Fact was, I simply couldn’t put it all together. So why act like the idea of it was frightening me? I wanted to put it all together, didn’t I?
“Oh, well, then you do admit there is a crisis,” David said with a trace of a smile.
I sighed. “All right. There’s a crisis. What I don’t understand is why, exactly. Oh, I know, I know. I woke up the Undead world with my songs and videos. And Akasha awoke and went on a rampage. All right. I get it. But why are all those mavericks everywhere now? They weren’t before. And what’s the impact of these ancient ones rising, and why do we need a Queen of the Damned in the first place? So Mekare and Maharet don’t care to rule. So what? Akasha never ruled. Why didn’t things simply lapse back to the way they’d always been?”
“Because the whole world was changing,” said David impatiently.

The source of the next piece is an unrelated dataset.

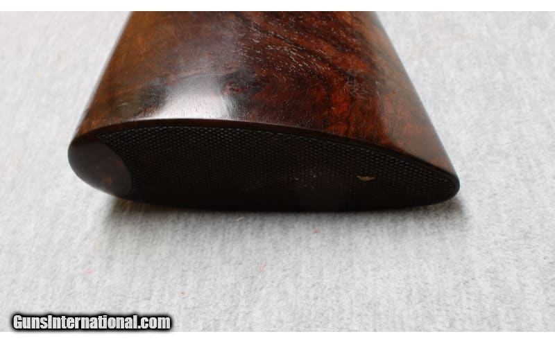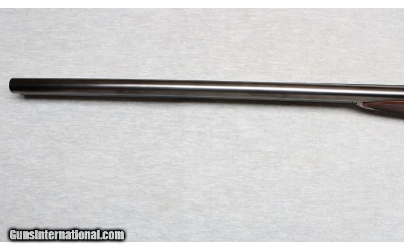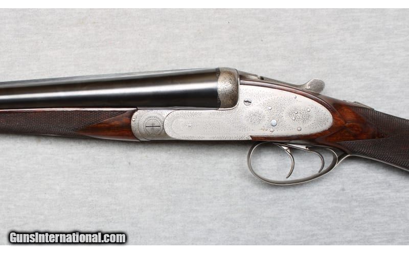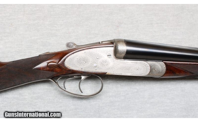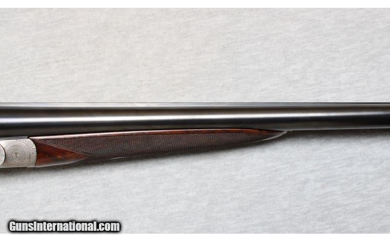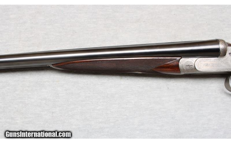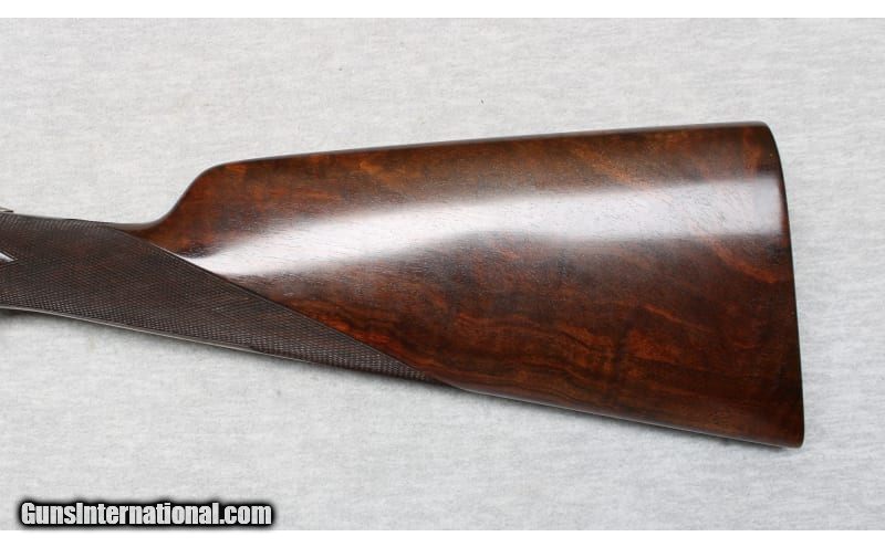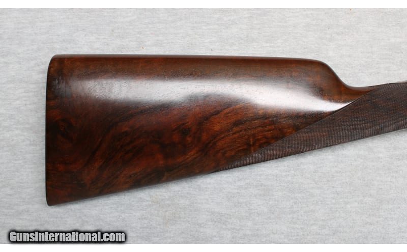Description: Niquet with Purdey Type Action in 12 Gauge. Coin finished self opening sidelock action has safety button deactived, hidden third fastener, bushed strikers, side clips, and double triggers (front articulated). Action is engraved with 80% coverage well cut rose and scroll. Bottom of action is engraved "J. Niquet" " a Liege". Newer straight grip buttstock of well figured dark European walnut measures 14 1/4" over checkered wood butt. Stock features drop points and point pattern checkering. Matching splinter Defourney ejector forend as Anson release, central escutcheon is gold inlaid with a count's crown. The 27 5/8" dovetailed barrels are engraved "Julien Niquet 12 Bore Self-Opening Sidelock" on slightly raised game rib. Barrel flats are stamped with pre-1927 Belgian Nitro proofs for 2 1/2" chambers. STOCK: DAH: 2 1/2". DAC: 1 1/2". LOP: 14 1/4". CAST: approx. 1/4" on. 12 Gauge SOLD Chambers: 2 1/2 Inches Metal Condition: Excellent Wood Condition: Excellent Bore Condition: Bright Barrels: 27 5/8 Inches Triggers: Double triggers Stock Dimensions: 14 1/4 inches Fore End: Anson release splinter fore end Butt Pad: Checkered wood Sights: Silver bead on full rib Chokes: Modified/Full Item Location: La Vista, NE |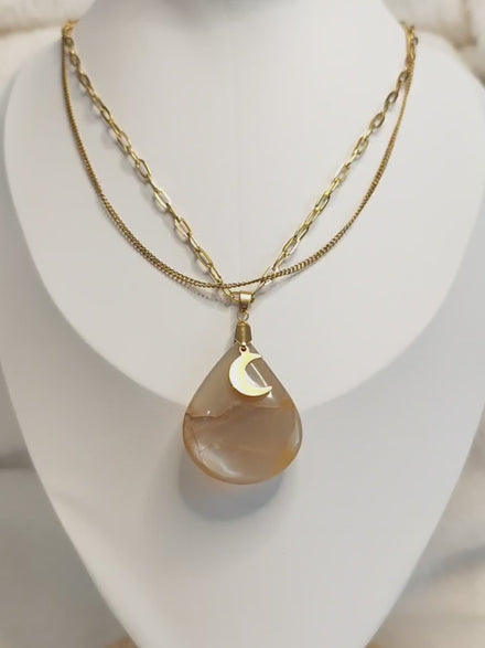 🌓 Le collier est composé d’un double rang doré (40 cm), en acier inoxydable hypoallergénique, qui enlace délicatement la gorge, avec un fermoir fluide et élégant. Il porte, en son centre, un pendentif exceptionnel de 35 mm en pierre de Lune extra.

“Lestat, don’t you see, what you did in ‘coming out’ as a vampire to the public was part of the zeitgeist. No, it didn’t change the mortal world in any way, of course not, but how can you underestimate the effects of your books, your words, all of it on all the blood drinkers in existence? You gave the inchoate masses out there an origin story, a terminology, and a personal poetry! Of course this waked old ones. Of course this invigorated and charged apathetic ones. Of course this roused from torpor wanderers who’d given up on their own kind. Of course this emboldened mavericks to make other mavericks using the famous Dark Trick, Dark Gift, Dark Blood, etcetera!”

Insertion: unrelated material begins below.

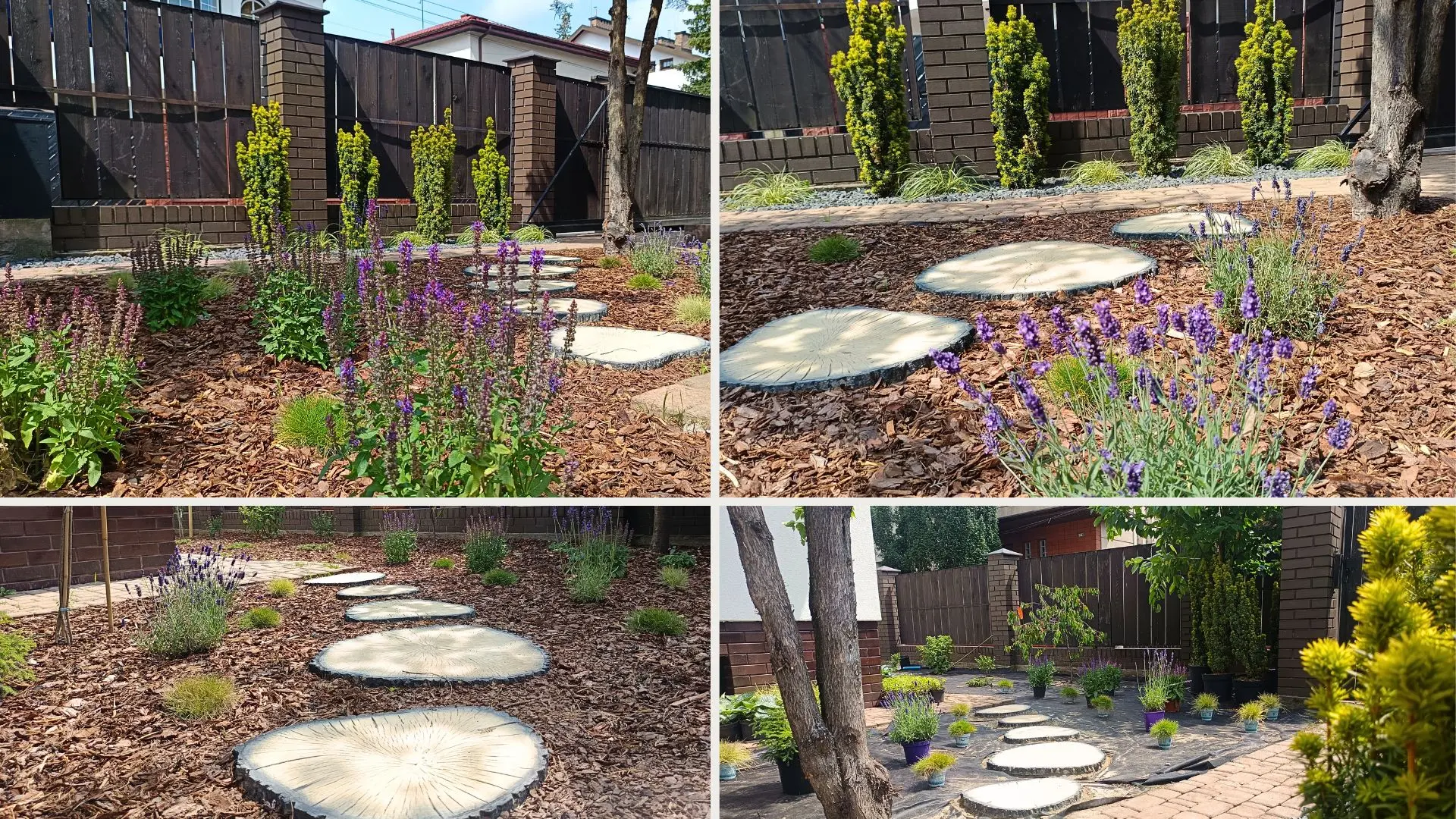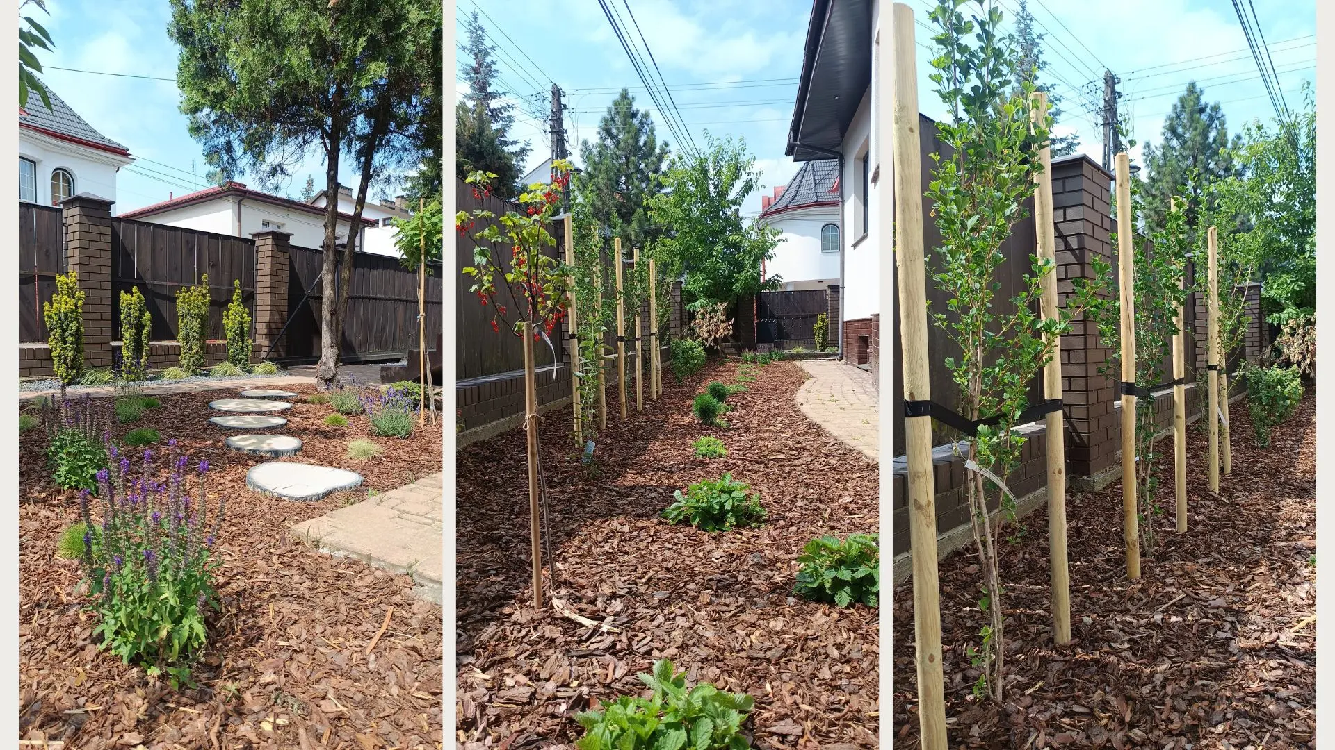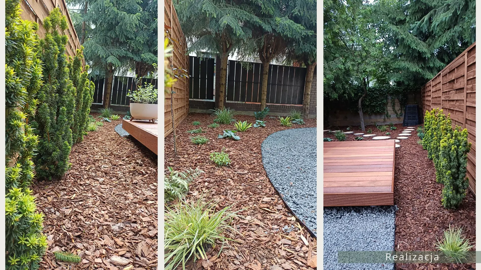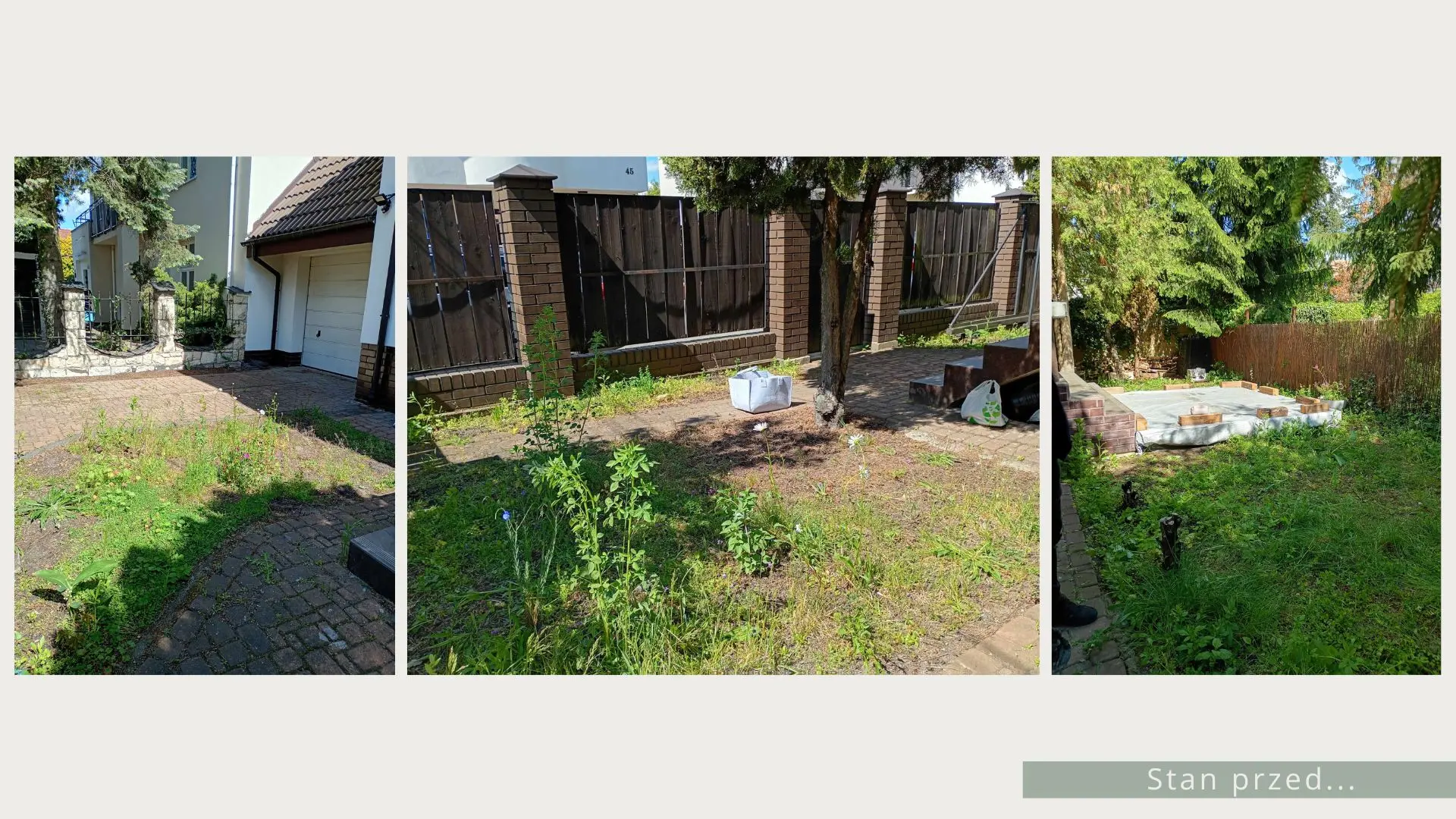 Projekt ogrodu naturalistycznego o powierzchni około 140 m². Głównym założeniem było zastosowanie materiałów o naturalnym charakterze, takich jak płyty betonowe imitujące drewno oraz otoczenie bogate w roślinność kwitnącą. Ogród został podzielony na trzy strefy. Pierwsza – wejściowa, reprezentacyjna – wykorzystuje kamień ozdobny. Druga – tranzytowa – pełni funkcję przestrzeni przejściowej; posadzono tu drzewa kolumnowe zasłaniające widok na sąsiednie posesje oraz przewidziano miejsce na rośliny owocowe i warzywnik. Trzecia strefa to część wypoczynkowa, połączona z tarasem. Powiększono ją o żwirowy plac wykonany na podbudowie, stanowiący dodatkową strefę relaksu. W części zacienionej dobrano gatunki cieniolubne, tworzące spójny, naturalistyczny charakter ogrodu.

None of this was said with contempt, no, but it was said with a kind of scholar’s fury.
“And yes, I did my part, I know that,” David continued. “I published the stories of Armand, Pandora, and finally Marius. But the point I’m trying to make is this: you gave a legacy and a definition to a population of shrinking, self-loathing predators who had never dared to claim any such collective identity for themselves. So yes, it changed everything. It had to.”